Data block:
····················

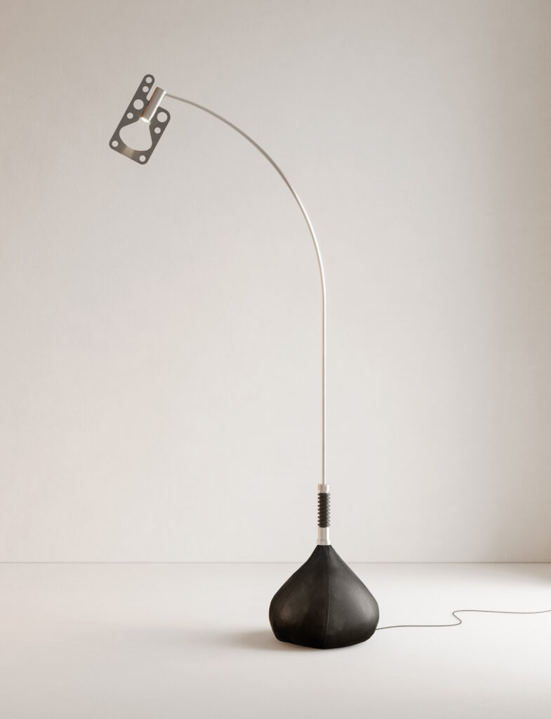 Firmata da Enzo Calabrese con Davide Groppi, questa piantana è un ready made ricavato da una canna da pesca flessibile e altissima, che ricorda anche un ramo di salice piegato dal vento. Non molto “arquata” ma di certo una buona soluzione per sostituire il punto luce a soffitto, o per illuminare un salottino all’aperto nella versione outdoor.
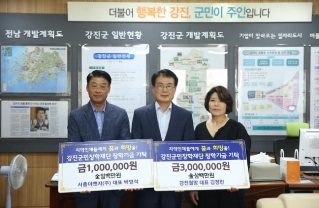 Áö³ 10ÀÏ °Áø±º¹ÎÀåÇÐÀç´Ü¿¡ °ÁøÃ¶¸Á ±èÁ¤¶õ ´ëÇ¥°¡ 300¸¸ ¿ø, ¼ÈïÀÌ¿£Áö(ÁÖ) ¹Ú¿µ¼® ´ëÇ¥°¡ 100¸¸ ¿øÀÇ ÀåÇбÝÀ» ±âŹÇß´Ù.
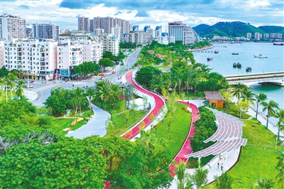 三亚凤凰岛桥头公园,新修的漫步绿道成为市民运动休闲打卡网红地。
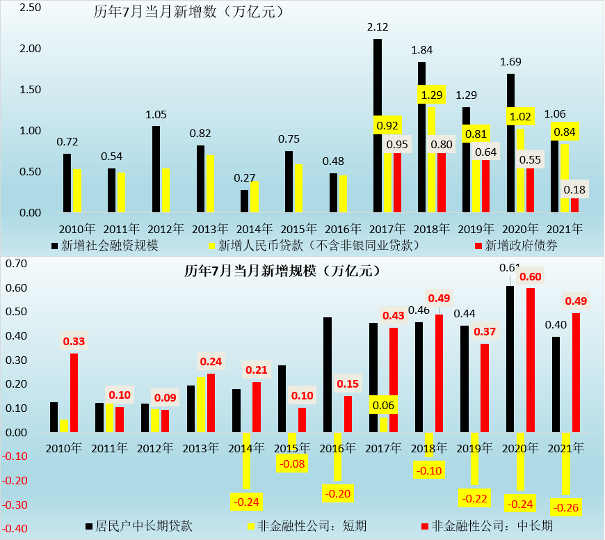 那么央行短期內(nèi)會不會放松政策來支撐社融呢?我們認為央行可能還會觀察一段時期,再等等看。因為從央行的視角來看,今年1-7月新增社融和新增人民幣貸款分別達到18.80萬億和13.78萬億,雖然較2020年同期分別少增-3.73萬億和多增0.43萬億,但較2019年同期仍分別多增2.90萬億和2.95萬億,因此絕對值上看似乎并不低。現(xiàn)在市場可能更關(guān)心的是,監(jiān)管政策層面會不會有所放松?如地產(chǎn)和城投政策層面,目前來看這種可能性應(yīng)該是存在的,雖然不會允許新增,但基于存量債務(wù)化解的信貸支持應(yīng)該是有商量空間的,畢竟若實體經(jīng)濟出現(xiàn)流動性危機,屆時再出手拯救的難度會大幅提升。

····················

What to work on:
Quote word for word only the lines above from the one containing "Áö³ 10ÀÏ °Áø±º¹ÎÀåÇÐÀç´Ü¿¡" through the one containing "三亚凤凰岛桥头公园,新修的漫步绿道成为市民运动休闲打卡网红地。". Pictures stay out of your copy.

Result for this exercise:
 Áö³ 10ÀÏ °Áø±º¹ÎÀåÇÐÀç´Ü¿¡ °ÁøÃ¶¸Á ±èÁ¤¶õ ´ëÇ¥°¡ 300¸¸ ¿ø, ¼ÈïÀÌ¿£Áö(ÁÖ) ¹Ú¿µ¼® ´ëÇ¥°¡ 100¸¸ ¿øÀÇ ÀåÇбÝÀ» ±âŹÇß´Ù.
 三亚凤凰岛桥头公园,新修的漫步绿道成为市民运动休闲打卡网红地。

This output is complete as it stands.